SUPPLIED INFORMATION ->
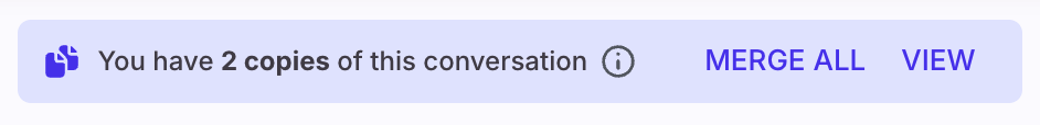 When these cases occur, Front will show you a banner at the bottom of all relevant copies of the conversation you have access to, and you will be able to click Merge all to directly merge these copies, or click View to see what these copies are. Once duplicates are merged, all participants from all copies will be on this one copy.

==

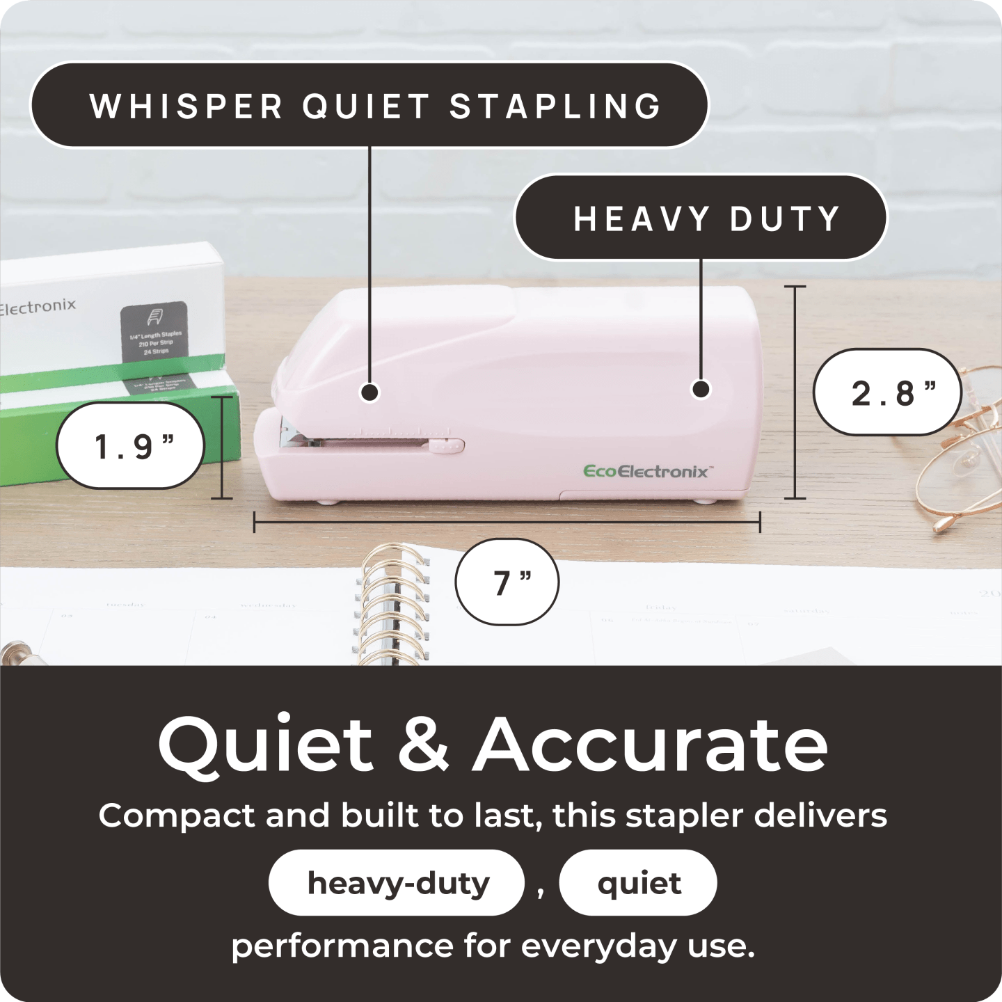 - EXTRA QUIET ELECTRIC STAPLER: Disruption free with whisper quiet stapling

...

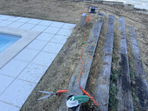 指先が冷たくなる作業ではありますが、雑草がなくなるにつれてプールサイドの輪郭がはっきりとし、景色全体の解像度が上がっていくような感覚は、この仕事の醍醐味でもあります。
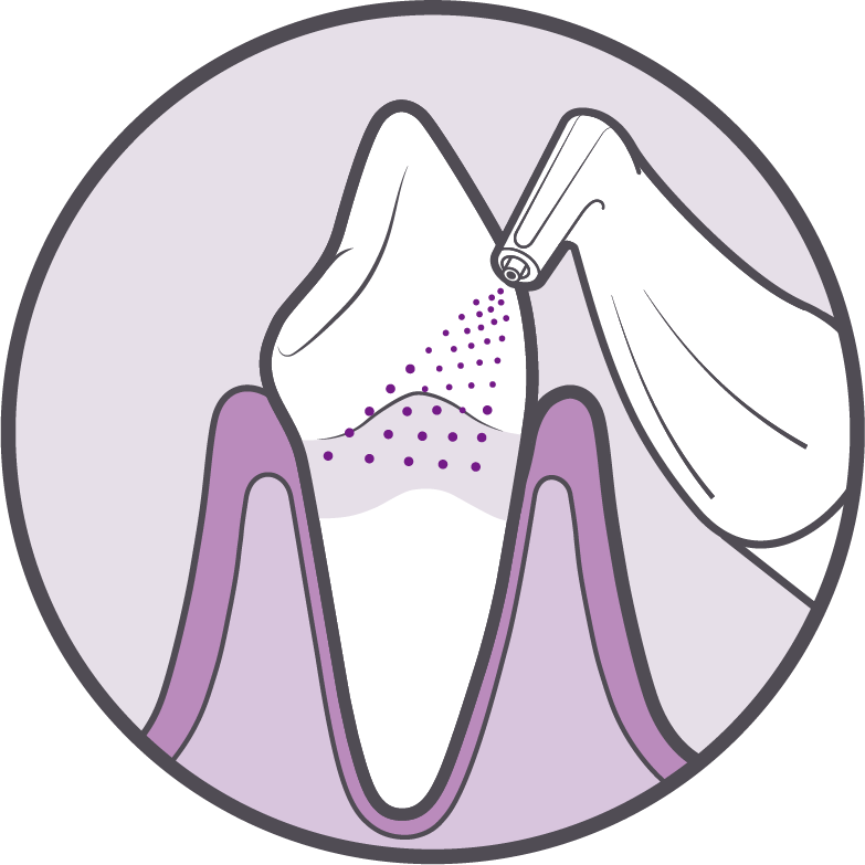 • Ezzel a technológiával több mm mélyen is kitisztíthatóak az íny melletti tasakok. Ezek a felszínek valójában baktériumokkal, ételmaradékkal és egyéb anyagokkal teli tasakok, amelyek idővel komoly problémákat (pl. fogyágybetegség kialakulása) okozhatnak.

WORK TO BE COMPLETED ->
Look above and copy only the lines from the one holding "指先が冷たくなる作業ではあり" to the one holding "fogyágybetegség kialakulása) okozhatnak.", both included, exactly, minus the pictures.

RESULT FOR THIS TASK ->
 指先が冷たくなる作業ではありますが、雑草がなくなるにつれてプールサイドの輪郭がはっきりとし、景色全体の解像度が上がっていくような感覚は、この仕事の醍醐味でもあります。
 • Ezzel a technológiával több mm mélyen is kitisztíthatóak az íny melletti tasakok. Ezek a felszínek valójában baktériumokkal, ételmaradékkal és egyéb anyagokkal teli tasakok, amelyek idővel komoly problémákat (pl. fogyágybetegség kialakulása) okozhatnak.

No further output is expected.